Cottbus. „Vor allem bei den älteren Bürgern werden Tränen fließen“. Peter Pollak wartete gestern wie viele Einwohner des Cottbuser Stadtteils Sachsendorf auf jenen Mann, der nicht mehr lange Ministerpräsident des Landes sein wird. Die Sachsendorfer feierten am Wochenende ihr Stadtteilfest. Stolpe ließ es sich nicht nehmen, dabei zu sein und die Nachricht von seinem geplanten Rücktritt verdrängte sogar die Diskussionen über die Fußball-Weltmeisterschaft.

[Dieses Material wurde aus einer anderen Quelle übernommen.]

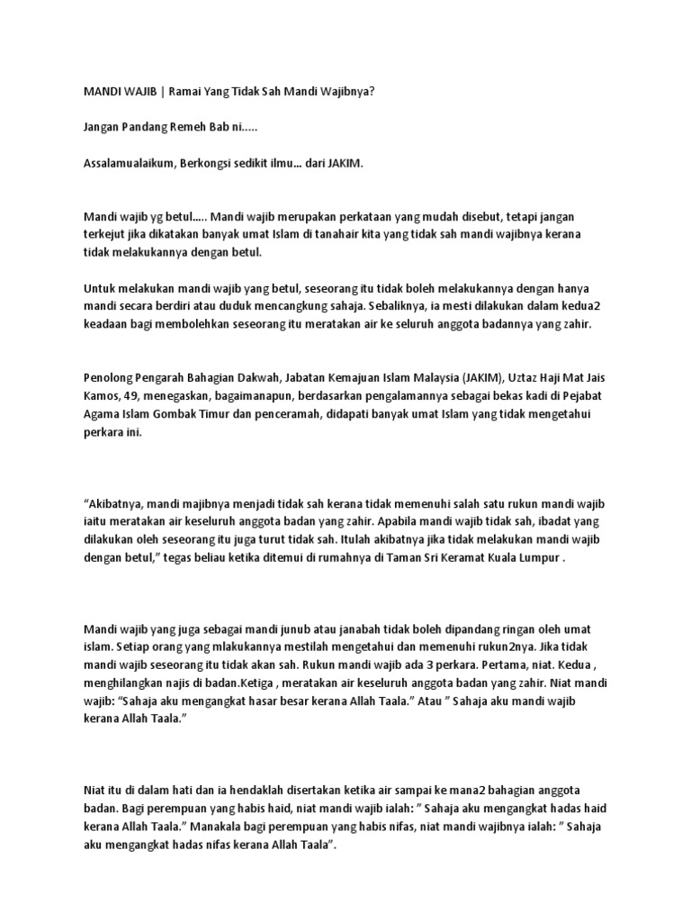 Mandi Wajib Ramai Yang Tidak Sah Mandi Wajibnya Gempak Beb
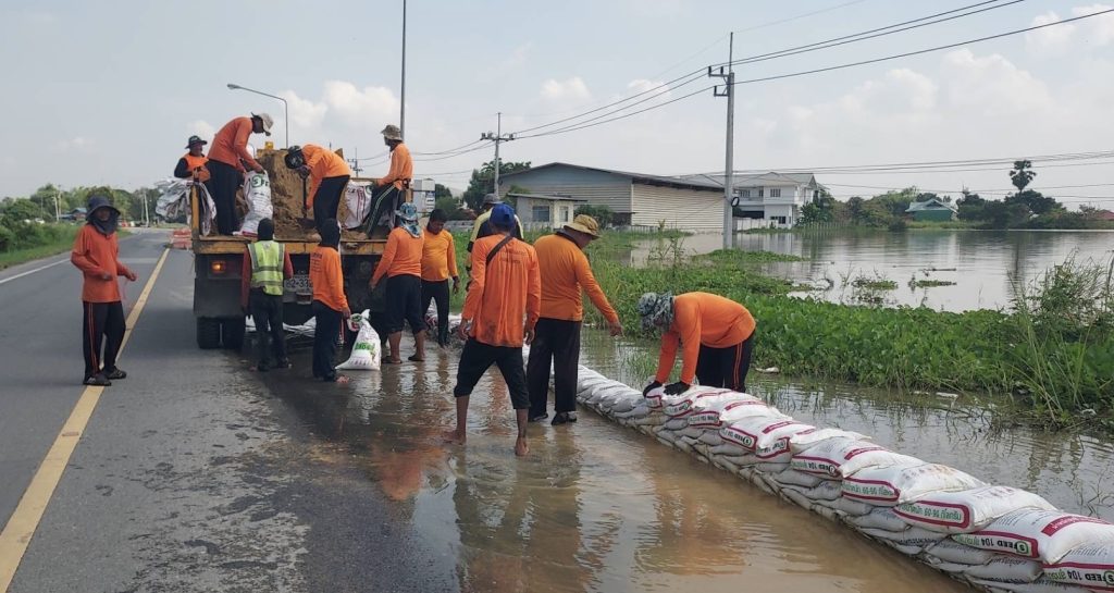 นอกจากนี้ แขวงทางหลวงชนบทพระนครศรีอยุธยา และหมวดบำรุงทางหลวงชนบทในสังกัด ได้ระดมกำลังเจ้าหน้าที่บรรจุถุงทราย เพื่อนำกระสอบทรายไปวางกั้นน้ำสองข้างทาง ไม่ให้มวลน้ำไหลเข้าท่วมถนนทางหลวงชนบทสาย อย.4044 แยก ทล.3454 (กม.ที่ 7+500) – บ้านเจ้าเจ็ด อำเภอเสนา และถนนทางหลวงชนบทสาย อย.4031 แยก ทล.3412 – บ้านแค อำเภอบางบาล, เสนา, ผักไห่ จังหวัดพระนครศรีอยุธยา รวมไปถึง แขวงทางหลวงชนบทสุโขทัย ซึ่งยังคงบูรณาการร่วมกับจังหวัดสุโขทัยในการสนับสนุนรถบรรทุก รับ-ส่ง ประชาชน ผู้ป่วย และบุคลากรทางการแพทย์ของโรงพยาบาลสุโขทัยอย่างต่อเนื่องจนกว่าสถานการณ์จะคลี่คลาย

Sachsendorf ist Stolpes Wahlkreis und hier würde er – sagt der Vorsitzende des Bürgervereins, Peter Kriening – auf jeden Fall wieder gewählt. Wenn er denn wieder antritt. Die Sachsendorfer haben Manfred Stolpe einiges zu verdanken. Er hat hier Bürgersprechstunden abgehalten, zugehört und versucht zu helfen. Denn die DDR-typische Plattenbausiedlung hat viele Einwohner verloren. Die blieben, stellten einiges auf die Beine – auch mit Unterstützung aus Potsdam. Und sie hatten gestern viele Fragen. „Ich möchte den wahren Grund für den Rücktritt erfahren“, sagt die parteilose Lehrerin Martina Teunert, „denn ich glaube nicht, dass Stolpe kneift, weil es jetzt einige Schwierigkeiten mit dem Lausitzring oder Cargolifter gibt. Da hat er schon schlimmere Zeiten überstanden. “ Der Rücktrittsmeldung, erzählt Martina Teunert, sei so überraschend gekommen, dass sie es noch immer nicht richtig begriffen habe. Aber generell sei es gut, rechtzeitig für einen Generationenwechsel zu sorgen: „Veränderungen müssen ja nichts Schlechtes sein und Stolpe hat sich das sicher gut überlegt.“ Das glaubt auch die Sparkassenangestellte Sonja Platz: „Ich bin trotzdem traurig. Stolpe ist einfach ein sympathischer Mensch. Eine Ära geht zu Ende.“

Wie die Sachsendorfer reagieren Menschen in ganz Brandenburg: alle überrascht, viele bedauernd und manche hämisch: „Der Platzeck wird für mich genauso wenig machen wie vorher der Stolpe“, sagt eine Potsdamerin im Radio. „Solche Stimmen gibt es auch in Sachsendorf“, weiß Peter Kriening: „Aber die wenigen, die so denken, sind jene, die selbst nichts tun und immer auf ,die da oben’ schimpfen.“

Der Bischof der Evangelischen Kirche von Berlin-Brandenburg, Wolfgang Huber, der viel Respekt vor Stolpes Entscheidung, vor allem aber auch vor seiner Leistung als Ministerpräsident hat, sieht das als Chance: „Viele haben nach dem Ende der DDR eine Identifikationsfigur gebraucht: der so genannte Landesvater war eine Projektion der Menschen auf Stolpe. Er ist damit geschickt und zum Wohle des Landes umgegangen. Aber es kann nur gut sein, wenn diese Projektion einem Politikerbild weichen muss, dass besser zu einer Demokratie passt, weil es die gemeinsame Verantwortung von Regierenden und Regierten betont.“

Den Bischof erreichte die Nachricht übrigens in Bayern, wo er sich aus Anlass des 90. Geburtstag von Carl Friedrich von Weizsäcker aufhielt. Auch dort erzählt er, habe der Rücktritt des dienstältesten Ministerpräsidenten keinen kalt gelassen.